Kenya vs Uganda: Anatomy of election rigging

Author: Charles Onyango Obbo. PHOTO/FILE

What you need to know:

In Uganda, on the other hand, we don’t steal the margin. We steal the whole election...

Kenyans went to the polls yesterday, August 9, and it won’t be long before a winner is declared. Then the games will begin. Some violence, maybe. Maybe not this time. A court challenge of the result? Most definitely. In 2017 in a shocker, Kenya’s Supreme Court overturned the election of President Uhuru Kenyatta, following a petition by his rival, veteran opposition leader and former Prime Minister Raila Odinga.

This, then, is an excellent time to compare Kenya’s and Uganda’s elections across seven areas.

1.      Perhaps we should begin with how malleable Kenyan politics, particularly electoral alliances, are.
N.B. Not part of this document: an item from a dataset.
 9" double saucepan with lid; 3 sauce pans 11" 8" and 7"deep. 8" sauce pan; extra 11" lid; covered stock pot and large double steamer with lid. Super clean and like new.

Though they were bitter rivals in 2013 and 2017, President Kenyatta, who is leaving office at the end of his two terms, this time is backing Raila, and they have formed an electoral alliance Azimio la Umoja, against his deputy William Ruto.

It is hard to conjure up a perfect Ugandan parallel. Perhaps it would be the equivalent  in 2026 President Yoweri Museveni giving up his bid for a ninth term, and backing his 2021 rival, National Unity Party’s Robert Kyagulanyi (aka Bobi Wine), against his son, Land Forces Commander Lt Gen Muhoozi Kainerugaba, if he throws his hat in the presidential ring. Not impossible, but River Nile would first have to dry up before it happens.
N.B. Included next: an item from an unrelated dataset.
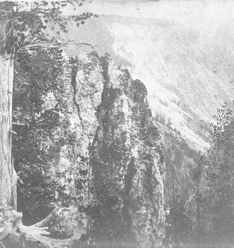 This view down the Grand Canyon of the Yellowstone shows large outcrops of altered volcanic rocks (rhyolite) and the forested plateau of the central eastern region of the park. In natural color, the rock ranges from bright yellow, orange, and red to brown.

2.      As Kenyans went to the polls, no opposition candidate or supporters had been beaten, jailed, or killed. Election-related violence and repression in Uganda happen before, during, and after the election. In Kenya, it happens after. In 2007/2008, in the worst such violence in the country’s history, nearly 1,500 people were killed and 600,000 displaced. The elections of 2013 and 2017 were largely peaceful. There are elections for County Governors (47), Senators (47) directly elected, 16 women nominated by the political parties according to their relative strength in the Senate elections, two members to represent the youth, and two members to represent persons with disabilities), MPs (349), and Members of the County Assemblies – MCAs - (1,470).

There is a view that because you have so many down ballots, and for many, it’s the governorship that matters more than the presidency, violence over the presidency has been muted. That view will be tested shortly.
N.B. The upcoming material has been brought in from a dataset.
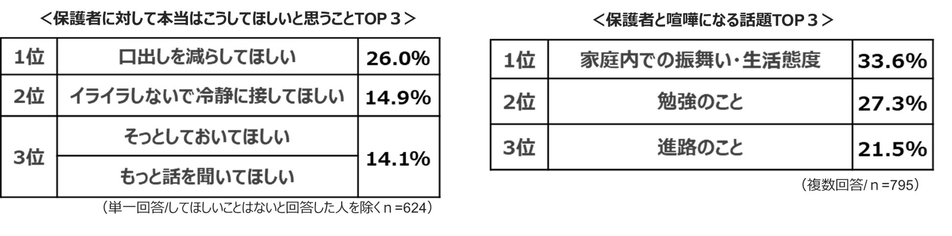高校生に「保護者にしてほしいと思うこと」を尋ねた結果、「口出しを減らして」「イライラせず冷静に」「そっとしておいて」といった回答が続きました。こと「反抗期」というテーマについて聞いた今回の結果では、保護者からの注意をやや疎ましく感じている様子や直接的な対立や感情的なコミュニケーションを避けたいと考えている様子が浮かんできました。

3.      The big question is whether there is less vote rigging in Kenya than in Uganda. The easy answer is that both have vote theft, but there are major differences in how it is done and why. One key difference is the clout of non-state parties and competitors. Kenyan opposition parties and leaders can be so strong in some parts of the country that even the full might of the state cannot steamroll there during elections.

Therefore, Kenyan opposition parties and leaders have the possibility to rig the vote in their strongholds, though less so than in the areas where the incumbent president and ruling are entrenched. So, first, Kenya is nearly an equal rigging opportunity country. Uganda is not.

That means that in Kenya, they steal the “winning margin”. They don’t steal the whole election. For the system to steal the election for you, you have to be within “striking distance”, to have one hand on the trophy. The rigging helps you to get your second on the trophy; therefore, you need to be close. This dynamic has led to a situation some estimates put the vote stolen in Kenya at between 2.5 percent and 5 percent.

In Uganda, on the other hand, we don’t steal the margin. We steal the whole election; thus, the rigging percentage ranges from 25 percent to 50 percent.

4.      In this election, it is free for all when it comes to tallying results, with the media and civil society enabled by the Independent Electoral and Boundaries Commission (IEBC) to tap into the results feed as they come in and to set up their alternatives. Only the IEBC results, though, are official. Try that in Uganda at your peril.

5.      Kenya is the biggest East African economy and has its most expensive elections. In 2017, some estimates put the money spent by candidates - from the presidential to the MCAs - at close to $850 million. That is almost equivalent to Burundi’s national budget in 2021. That, of course, has serious corruption-related implications for cost recovery for those candidates who win.

6.      More than 16,000 candidates are standing in the Tuesday election. Over 7,000 of them are independents, the largest cohort. This is a striking similarity with Uganda, where the independents have been the largest single bloc going into the last two elections. Something is going on there.

7.      And, then, this. In Uganda, the president doesn’t have to worry that the Supreme Court will rule on a petition against his victory. In Kenya, all bets are off. Courts have become the Kenyan president’s worst nightmare.